**Work instruction:** Only the lines from the line that contains "Csillag gyertyatartó, Decoris, 9x18,5x16" through the final line of the entries below belong in your answer, copied exactly and without pictures.

[Opening Information shown section]

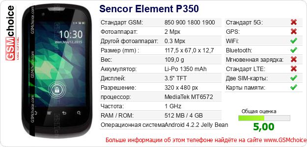 Данные о телефоне Sencor Element P350 на Вашем сайте
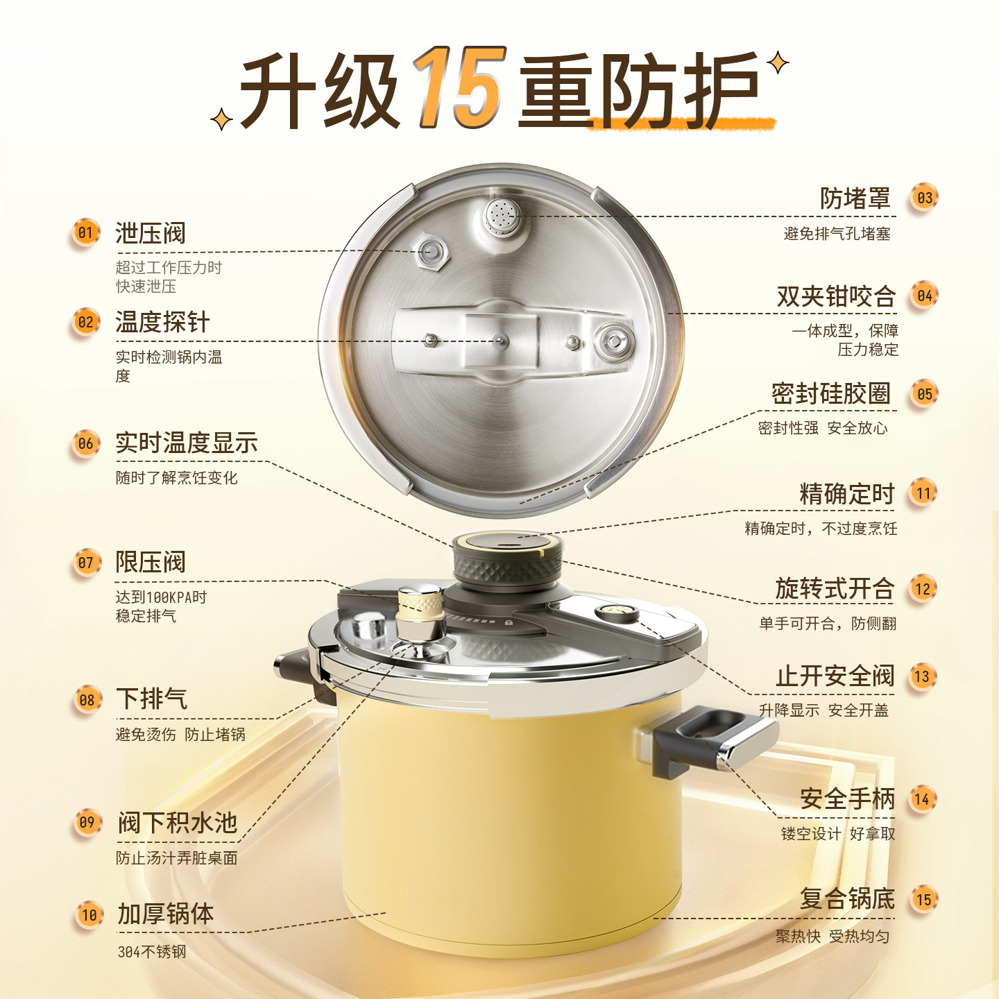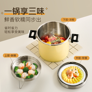 美 电压力锅家用双胆0涂层不锈钢大容量煲汤饭煲高压锅官方正品
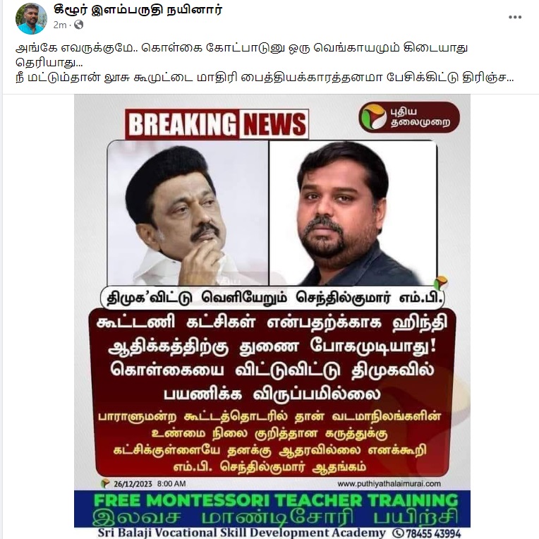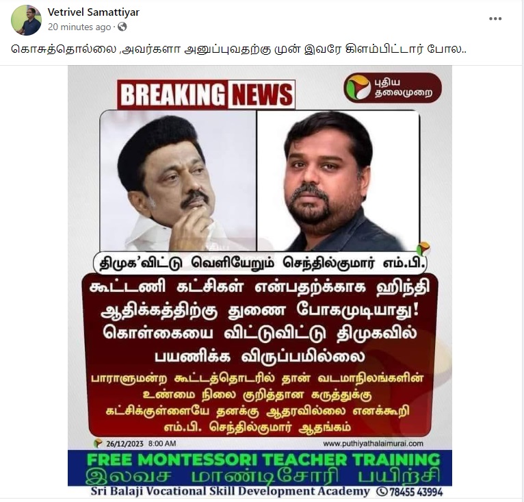 Facebook Post From, Puthiyathalaimurai, Dated December 27, 2023
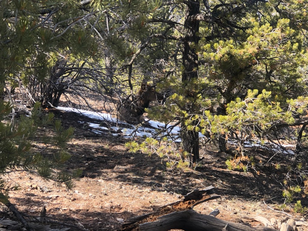 We spent the day exploring the Grand Canyon. We hiked to Shoshone Point. We ran across some elk grazing on the trees or resting in the shade.
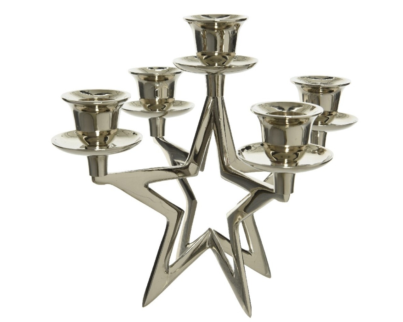 Csillag gyertyatartó, Decoris, 9x18,5x16 cm, sárgaréz, ezüst
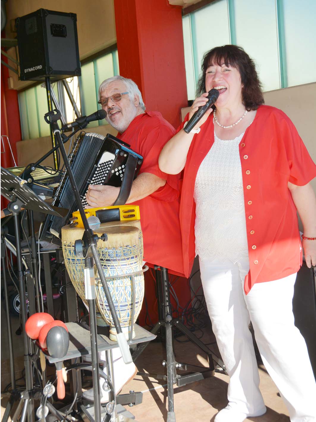 Für gute Laune sorgten das sonnige Herbstwetter und die beiden Musiker Gisela und Karl-Heinz Hug. Die Kinder konnten sich auf der Hopsburg des DRK austoben.

[Closing Information shown section]

**Result for this exercise:**
 Csillag gyertyatartó, Decoris, 9x18,5x16 cm, sárgaréz, ezüst
 Für gute Laune sorgten das sonnige Herbstwetter und die beiden Musiker Gisela und Karl-Heinz Hug. Die Kinder konnten sich auf der Hopsburg des DRK austoben.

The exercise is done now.